EXERCISE DATA
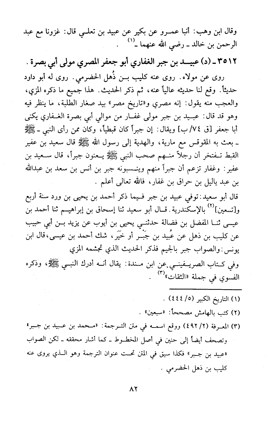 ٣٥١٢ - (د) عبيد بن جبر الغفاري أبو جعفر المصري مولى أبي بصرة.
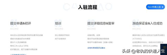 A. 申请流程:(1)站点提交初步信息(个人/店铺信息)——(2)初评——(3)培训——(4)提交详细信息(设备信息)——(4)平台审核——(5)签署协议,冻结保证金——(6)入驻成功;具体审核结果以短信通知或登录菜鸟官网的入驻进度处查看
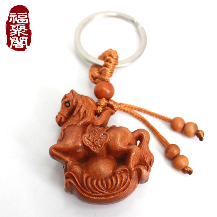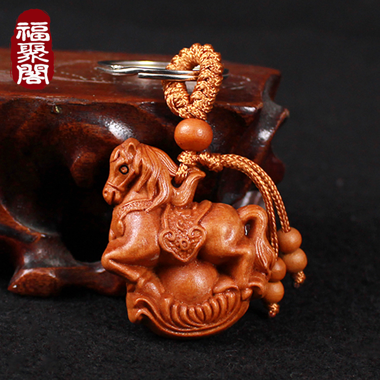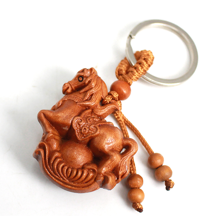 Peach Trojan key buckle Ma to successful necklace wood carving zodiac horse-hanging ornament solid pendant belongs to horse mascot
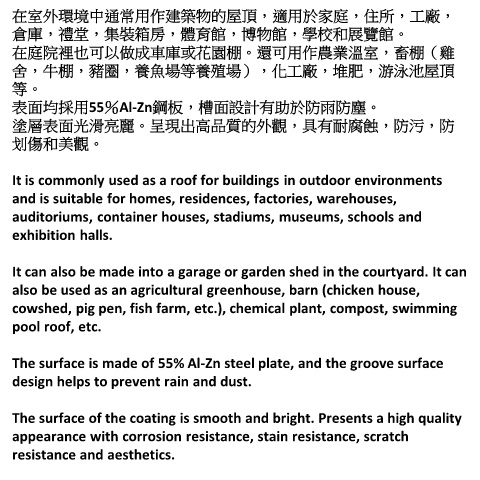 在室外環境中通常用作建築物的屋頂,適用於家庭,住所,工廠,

* * *

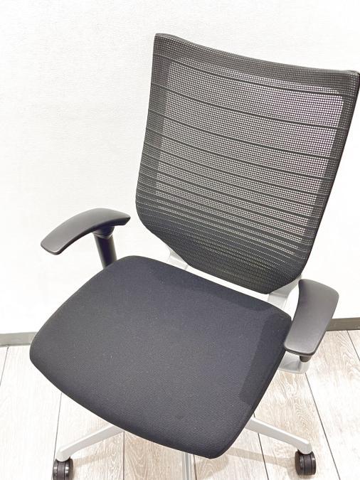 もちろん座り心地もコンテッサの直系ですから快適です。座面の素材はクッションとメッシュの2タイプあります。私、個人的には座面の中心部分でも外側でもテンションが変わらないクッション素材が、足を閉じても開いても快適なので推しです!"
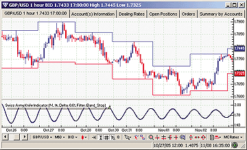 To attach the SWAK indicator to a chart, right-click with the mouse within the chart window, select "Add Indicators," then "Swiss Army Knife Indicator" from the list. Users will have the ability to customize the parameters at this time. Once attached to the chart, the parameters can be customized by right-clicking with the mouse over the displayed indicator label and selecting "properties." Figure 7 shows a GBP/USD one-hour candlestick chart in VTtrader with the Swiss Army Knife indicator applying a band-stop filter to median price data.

TASK TO COMPLETE
Could you write out exactly the lines of the data above that run from the one holding "もちろん座り心地もコンテッサ" to the one holding "To attach the", with both ends in and all pictures out?

SOLUTION
 もちろん座り心地もコンテッサの直系ですから快適です。座面の素材はクッションとメッシュの2タイプあります。私、個人的には座面の中心部分でも外側でもテンションが変わらないクッション素材が、足を閉じても開いても快適なので推しです!"
 To attach the SWAK indicator to a chart, right-click with the mouse within the chart window, select "Add Indicators," then "Swiss Army Knife Indicator" from the list. Users will have the ability to customize the parameters at this time. Once attached to the chart, the parameters can be customized by right-clicking with the mouse over the displayed indicator label and selecting "properties." Figure 7 shows a GBP/USD one-hour candlestick chart in VTtrader with the Swiss Army Knife indicator applying a band-stop filter to median price data.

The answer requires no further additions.